[Extracted data entries]

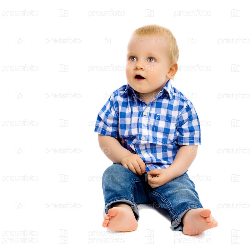 Маленький мальчик в клетчатой рубашке и джинсах
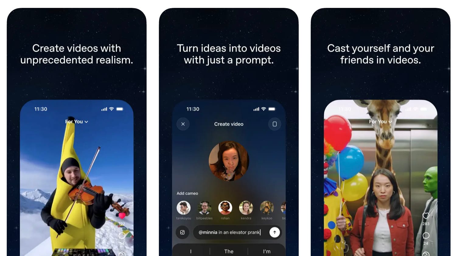 - Fonctionnalité Cameo : Il est possible d'injecter des personnes existantes dans les séquences générées. De nombreux essais avec Sam Altman ont inondé la toile (avec plus ou moins de goût).
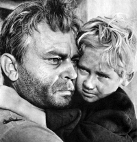 | Культовая картина Сергея Бондарчука «Судьба человека» по рассказу Михаила Шолохова, в которой артист сыграл главную роль Андрея Соколова. С Павликом Борискиным (Ванюшка), 1959 год |
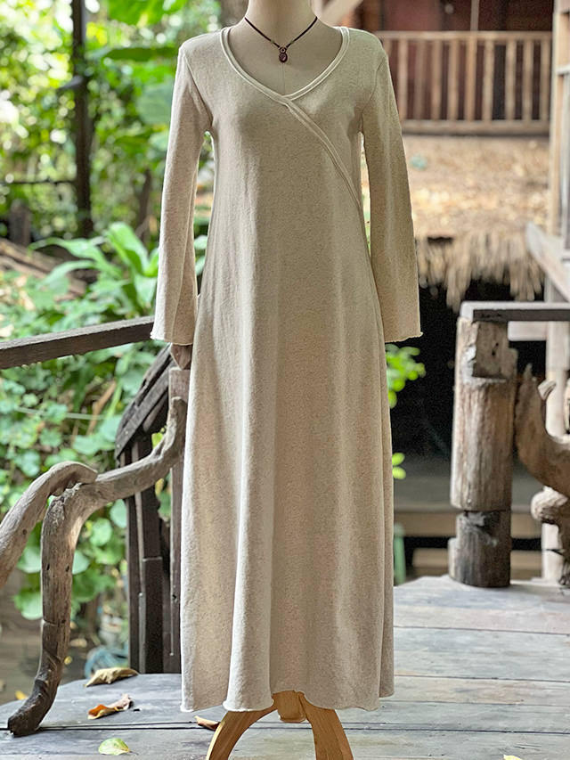 製品名: asana ヘンプコットン ふかふか カシュクール風 ロング ワンピース・きなり
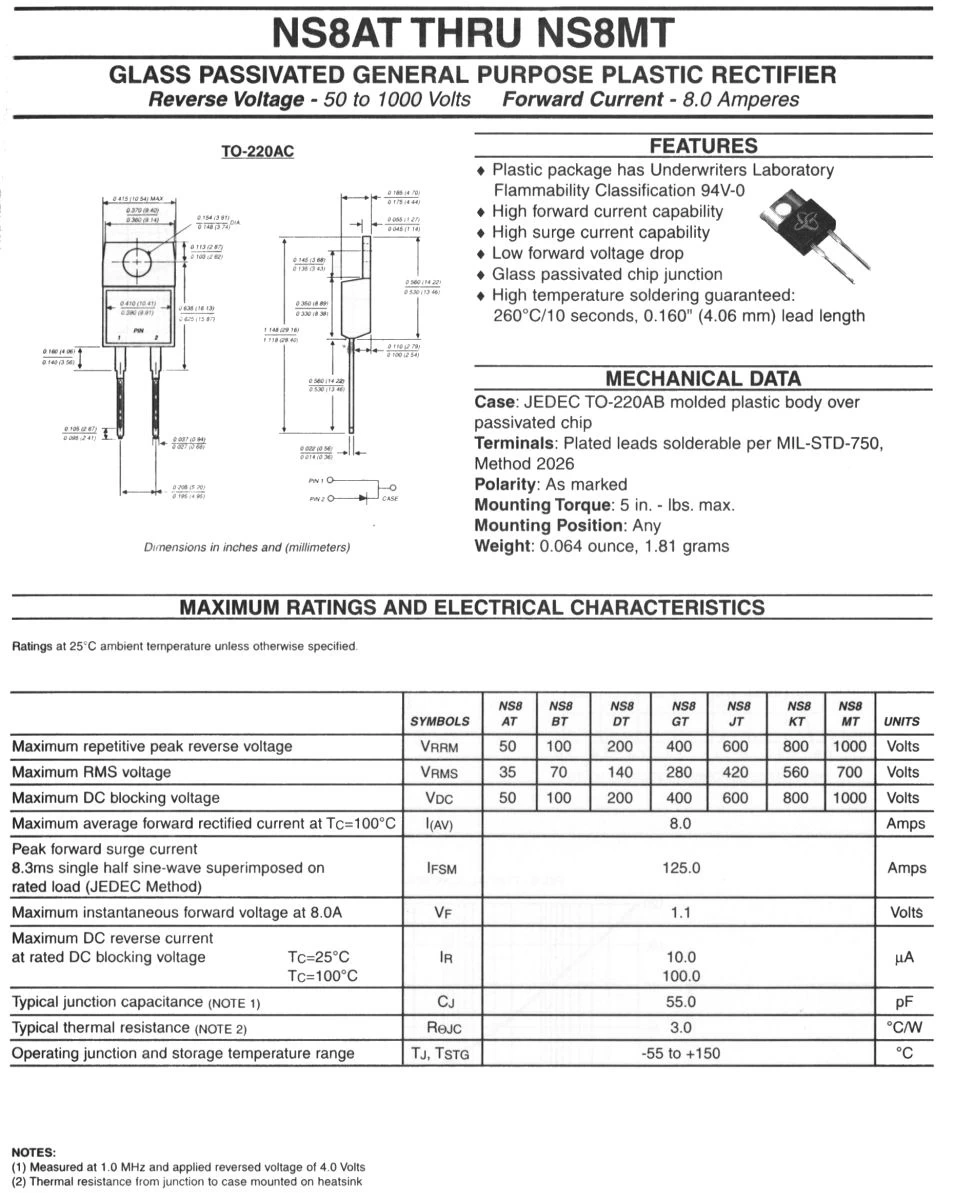 die NS8GT ist eine Silizium Diode, U = 400V, I = 8A, Anwend: Universaltyp, Gleichrichter

Brief - Please retype exactly the lines from the one containing "- Fonctionnalité Cameo" to the last line of the records above, both included, without any pictures.

Answer to this task -
 - Fonctionnalité Cameo : Il est possible d'injecter des personnes existantes dans les séquences générées. De nombreux essais avec Sam Altman ont inondé la toile (avec plus ou moins de goût).
 | Культовая картина Сергея Бондарчука «Судьба человека» по рассказу Михаила Шолохова, в которой артист сыграл главную роль Андрея Соколова. С Павликом Борискиным (Ванюшка), 1959 год |
 製品名: asana ヘンプコットン ふかふか カシュクール風 ロング ワンピース・きなり
 die NS8GT ist eine Silizium Diode, U = 400V, I = 8A, Anwend: Universaltyp, Gleichrichter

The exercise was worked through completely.